Patch "bpf: fix double-fdput in replace_map_fd_with_map_ptr()" has been added to the 4.4-stable tree

[<gregkh@linuxfoundation.org>]

This is a note to let you know that I've just added the patch titled

    bpf: fix double-fdput in replace_map_fd_with_map_ptr()

to the 4.4-stable tree which can be found at:
    http://www.kernel.org/git/?p=linux/kernel/git/stable/stable-queue.git;a=summary

The filename of the patch is:
     bpf-fix-double-fdput-in-replace_map_fd_with_map_ptr.patch
and it can be found in the queue-4.4 subdirectory.

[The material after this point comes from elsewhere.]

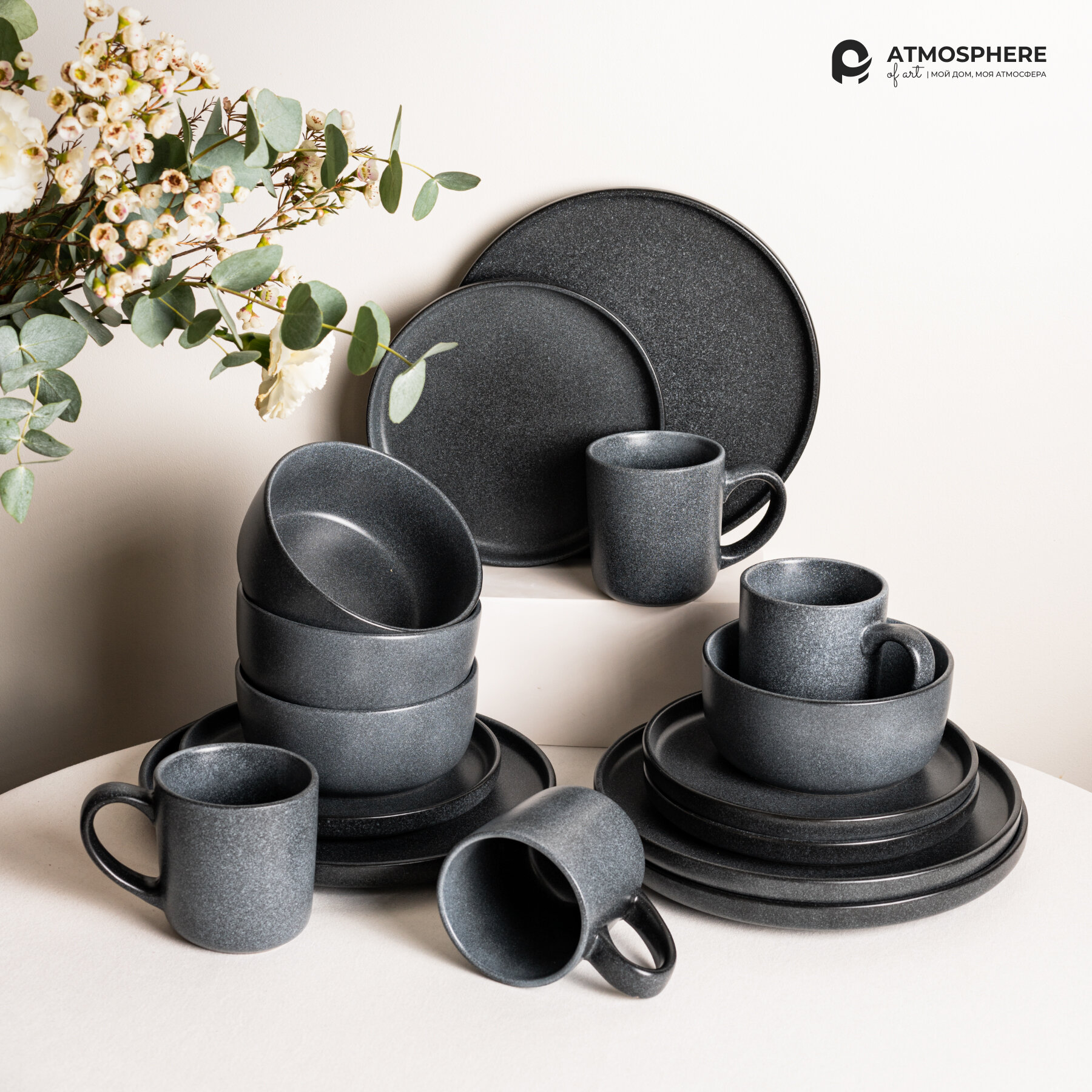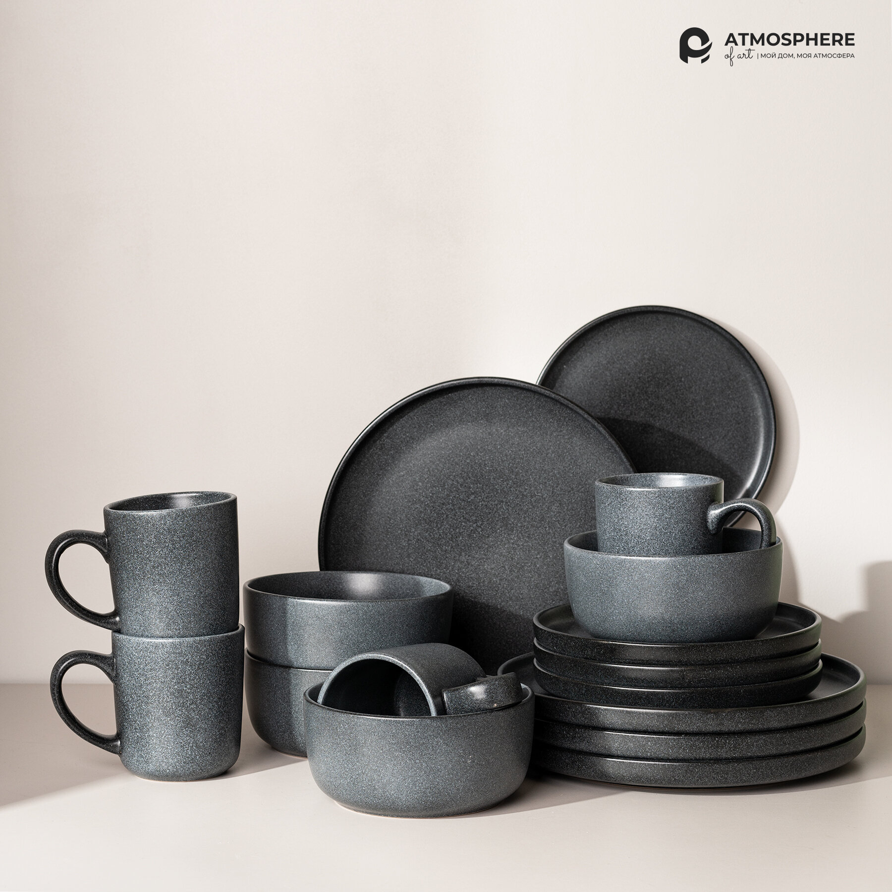 Купить Набор посуды с кружками Atmosphere of Art "Stone" /керамический/ 16 предметов/ черный матовый

If you, or anyone else, feels it should not be added to the stable tree,
please let <stable@vger.kernel.org> know about it.


>From foo@baz Mon May 16 11:21:32 PDT 2016
From: Jann Horn <jannh@google.com>
Date: Tue, 26 Apr 2016 22:26:26 +0200
Subject: bpf: fix double-fdput in replace_map_fd_with_map_ptr()

From: Jann Horn <jannh@google.com>

[ Upstream commit 8358b02bf67d3a5d8a825070e1aa73f25fb2e4c7 ]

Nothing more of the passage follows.